Synopses & Reviews
Cranford, Elizabeth Gaskell's best-known work, is a humorous account of a nineteenth-century English village dominated by a group of genteel but modestly circumstanced women. This is a community that runs on cooperation and gossip, at the very heart of which are the daughters of the former rector: Miss Deborah Jenkyns and her sister, Miss Matty. But domestic peace is constantly threatened in the form of financial disaster, imagined burglaries, tragic accidents, and the reappearance of long-lost relatives.

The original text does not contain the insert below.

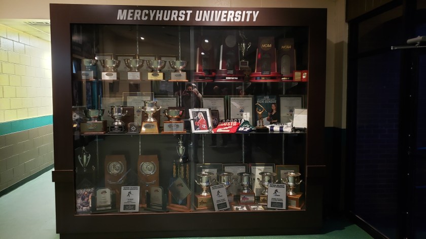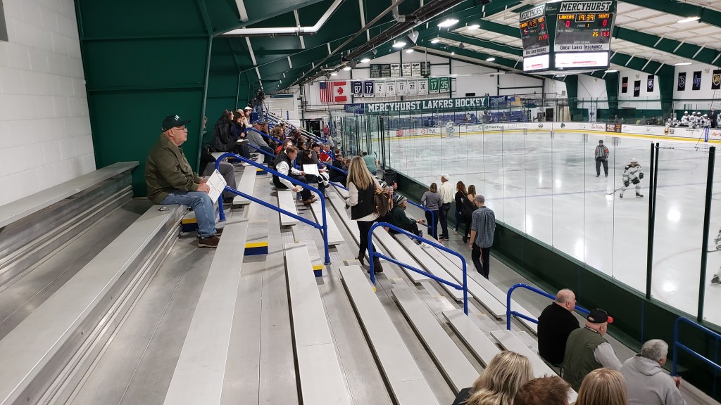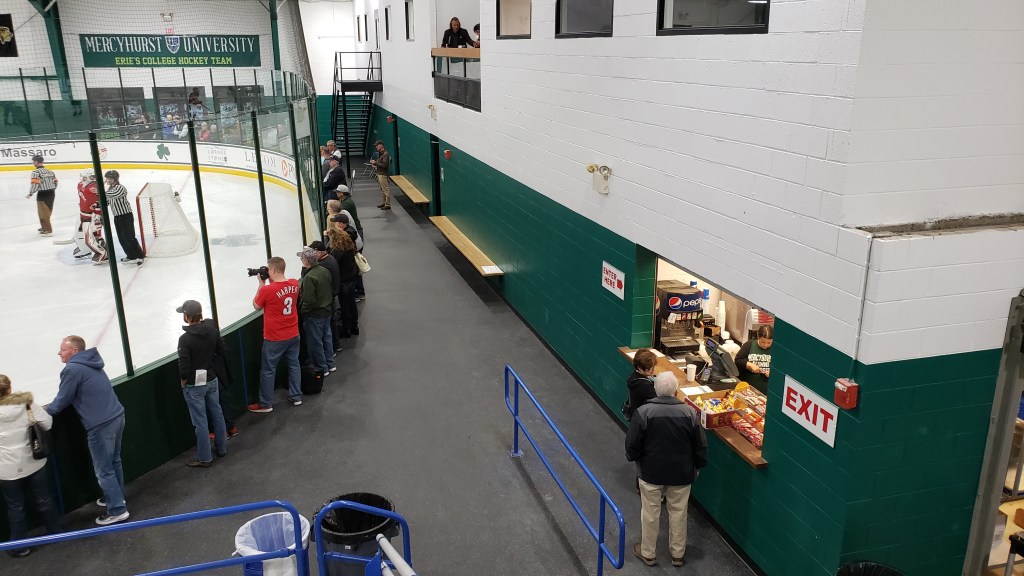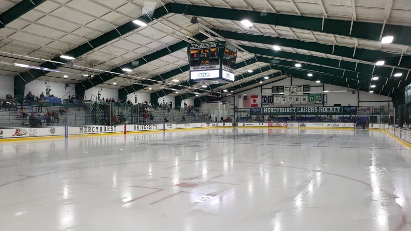 Built in 1991, the Mercyhurst Ice Center was built to bring games to campus as the Lakers were previously playing in the downtown civic center (Tullio Arena)….This is the 3rd smallest arena in D1 hockey…..The Men’s bathroom contains four urinals and two stalls. So that’s a total of six places to go for 1,500 people. Yikes.

By eschewing the conventional marriage plot with its nubile heroines and focusing instead on a group of middle-aged and elderly spinsters, Gaskell does something highly unusual within the novel genre. Through her masterful management of the novel's tone, she underscores the value and dignity of single women's lives even as she causes us to laugh at her characters' foibles. Charles Dickens was the first of many readers to extol its wit and charm, and it has consistently been Gaskell's most popular work.
Synopsis
With a series of sketches, Cranford lovingly describes the "adventures" of middle-aged ladies in the quiet country village of Cranford in the 1830s. Despite their poverty, residents of the village are kind, decent, and thoroughly proper.
About the Author
Elizabeth Gaskell (1810-1865) was born in London but grew up in the north of England in the village of Knutsford. In 1832, she married the Reverend William Gaskell and had four daughters and one son who died in infancy. Her first novel, Mary Barton, was published in 1848 and won the attention of Charles Dickens; most of her later work was published in his journals. Among her notable works are the novels North and South and Cranford, as well as her famous biography The Life of Charlotte Brontë. Wanda McCaddon began recording books for the fledgling audiobook industry in the early 1980s and has since narrated well over six hundred titles for major audio publishers, as well as abridging, narrating, and coproducing classic titles for her own company, Big Ben. Audiobook listeners may be familiar with her voice under one of her two "nom de mikes," Donada Peters and Nadia May. The recipient of an Audie Award and more than twenty-five Earphones Awards, AudioFile magazine has named her one of recording's Golden Voices. Wanda also appears regularly on the professional stage in the San Francisco Bay Area.